Task requirements – Each line of the material must be repeated precisely, with the pictures left out.

Dataset section –
◆ ◆ ◆

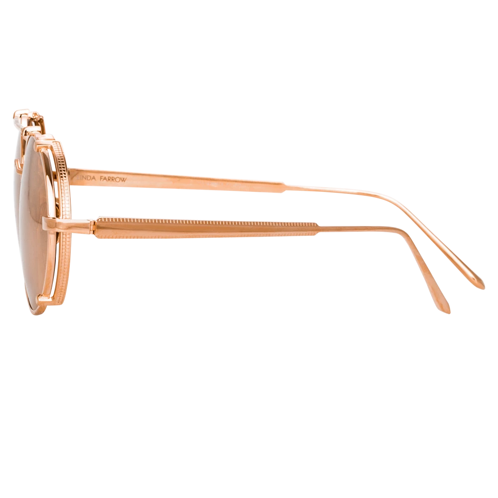 Sculpted from pure Japanese titanium these oval sunglasses from the LINDA FARROW collection balance sleekness with bold industrial detailing. Meticulously etched side shields arecustom engineered to complement the 18 carat rose gold plated frame. The Jimi is fitted with 18 carat rose gold plated lenses, the precious metal lending the surface a lustrous mirror finish. The style is finished with adjustable nose pads for a tailored fit.
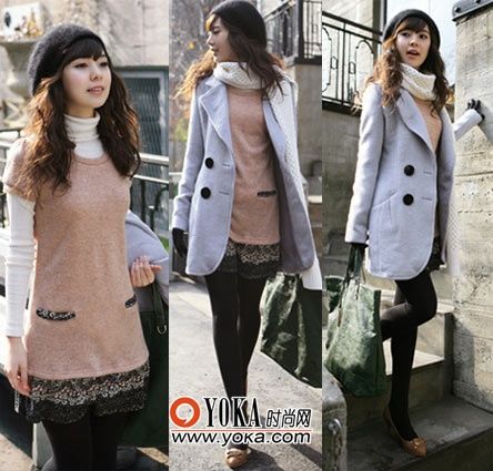 點(diǎn)評:裙擺處有性感黑色蕾絲邊的大地色連衣裙充滿少女的活力與青春魅力。西裝款風(fēng)格的藍(lán)灰色大衣讓你看起來更加成熟穩(wěn)重,適合進(jìn)出辦公室。
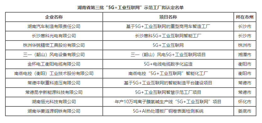 關于湖南省第三批“5G+工業(yè)互聯(lián)網(wǎng)”示范工廠擬認定名單的公示

◆ ◆ ◆

Result of the task –
 Sculpted from pure Japanese titanium these oval sunglasses from the LINDA FARROW collection balance sleekness with bold industrial detailing. Meticulously etched side shields arecustom engineered to complement the 18 carat rose gold plated frame. The Jimi is fitted with 18 carat rose gold plated lenses, the precious metal lending the surface a lustrous mirror finish. The style is finished with adjustable nose pads for a tailored fit.
 點(diǎn)評:裙擺處有性感黑色蕾絲邊的大地色連衣裙充滿少女的活力與青春魅力。西裝款風(fēng)格的藍(lán)灰色大衣讓你看起來更加成熟穩(wěn)重,適合進(jìn)出辦公室。
 關于湖南省第三批“5G+工業(yè)互聯(lián)網(wǎng)”示范工廠擬認定名單的公示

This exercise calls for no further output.